NanoMIRACL / en

Overview

NanoMIRACL / en is the English split of the MIRACL-style multilingual monolingual retrieval benchmark. English queries retrieve English Wikipedia passages, not translated evidence or answer strings. The Nano split has 200 queries, 10,000 documents, and 560 positive qrel rows. This is a high-resource English passage-retrieval setting, but it still tests whether a model can select the passage that contains the requested evidence rather than any passage about the same topic. Current diagnostics show dense retrieval as the strongest nDCG@10 profile, BM25 as extremely strong for hit@10 and recall@100, and reranking_hybrid as the best overall coverage profile.

Details

What the Original Data Measures

MIRACL was introduced as a multilingual ad hoc retrieval benchmark over Wikipedia passages. Its design is monolingual: English queries retrieve English passages from English Wikipedia. The benchmark emphasizes natural questions, passage-level evidence, and human relevance judgments.
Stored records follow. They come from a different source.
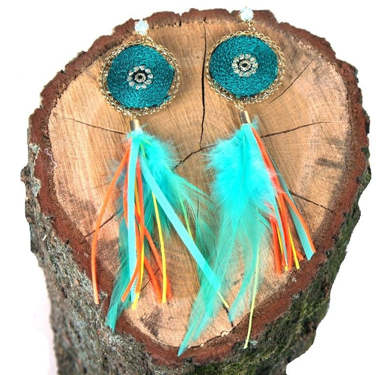 S_600787B - OHRRINGE eine Feder und Perlen BLUE (1)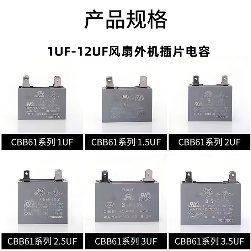 2.2 2.5 CBB61空调铁片电容1.2 1.8 5UF450V吊扇风扇 1.5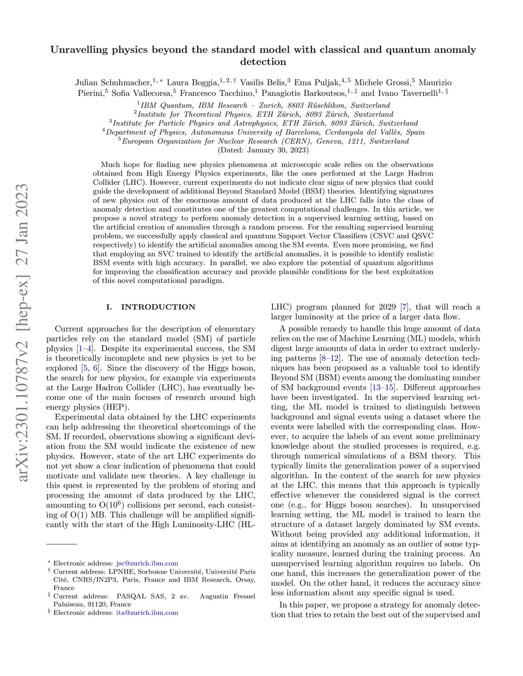 Much hope for finding new physics phenomena at microscopic scale relies on the observations obtained from High Energy Physics experiments, like the ones performed at the Large Hadron Collider (LHC). However, current experiments do not indicate clear signs of new physics that could guide the development of additional Beyond Standard Model (BSM) theories. Identifying signatures of new physics out of the enormous amount of data produced at the LHC falls into the class of anomaly detection and constitutes one of the greatest computational challenges. In this article, we propose a novel strategy to perform anomaly detection in a supervised learning setting, based on the artificial creation of anomalies through a random process. For the resulting supervised learning problem, we successfully apply classical and quantum Support Vector Classifiers (CSVC and QSVC respectively) to identify the artificial anomalies among the SM events. Even more promising, we find that employing an SVC trained to identify the artificial anomalies, it is possible to identify realistic BSM events with high accuracy. In parallel, we also explore the potential of quantum algorithms for improving the classification accuracy and provide plausible conditions for the best exploitation of this novel computational paradigm.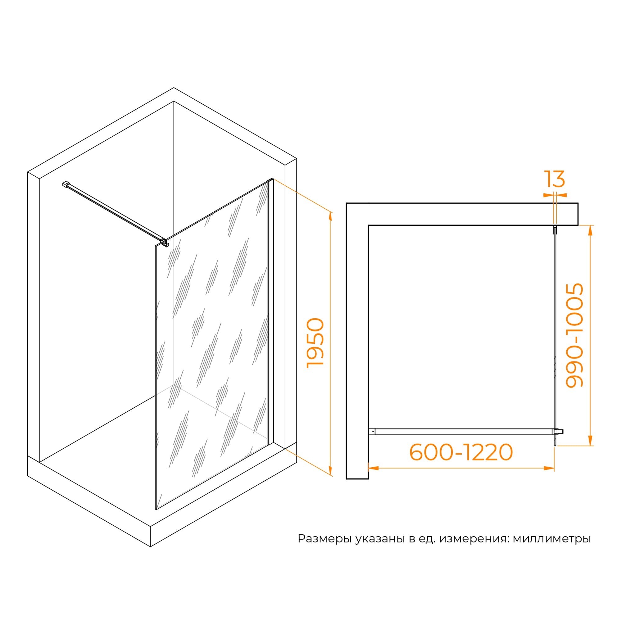 Высота: 1950 мм - позволяет комфортно использовать душевую перегородку даже людям высокого роста.

The English MIRACL split inherits the same retrieval-first framing as the other languages. Native-language questions are judged against candidate passages, so the relevant item is an evidence-bearing passage, not a direct short answer. The task therefore measures open-domain passage retrieval over a broad encyclopedic corpus.

Observed Data Profile

The Nano split contains 200 queries, 10,000 documents, and 560 positive qrel rows. Positives per query average 2.80, with a minimum of 1, a median of 2, and a maximum of 11. There are 137 multi-positive queries, representing 68.5 percent of the split. Queries average 39.91 characters, while documents average 471.76 characters.

The examples are short English information needs using forms such as When, What, How, Who, Where, Is, Does, Do, and Why. Topics cover people, places, organizations, politics, science, demography, religion, philosophy, software, companies, sports entertainment, history, and definitions. Several questions ask about facts that should be interpreted against the Wikipedia snapshot rather than current real-world state.

BM25 Evaluation Profile

The dataset-provided BM25 candidate subset contains 500 candidates per query and achieves nDCG@10 = 0.6774, hit@10 = 0.9950, and recall@100 = 0.9929. BM25 is exceptionally strong on this English split because many questions contain distinctive names and topical phrases, such as organizations, political entities, game studios, countries, people, or technical terms.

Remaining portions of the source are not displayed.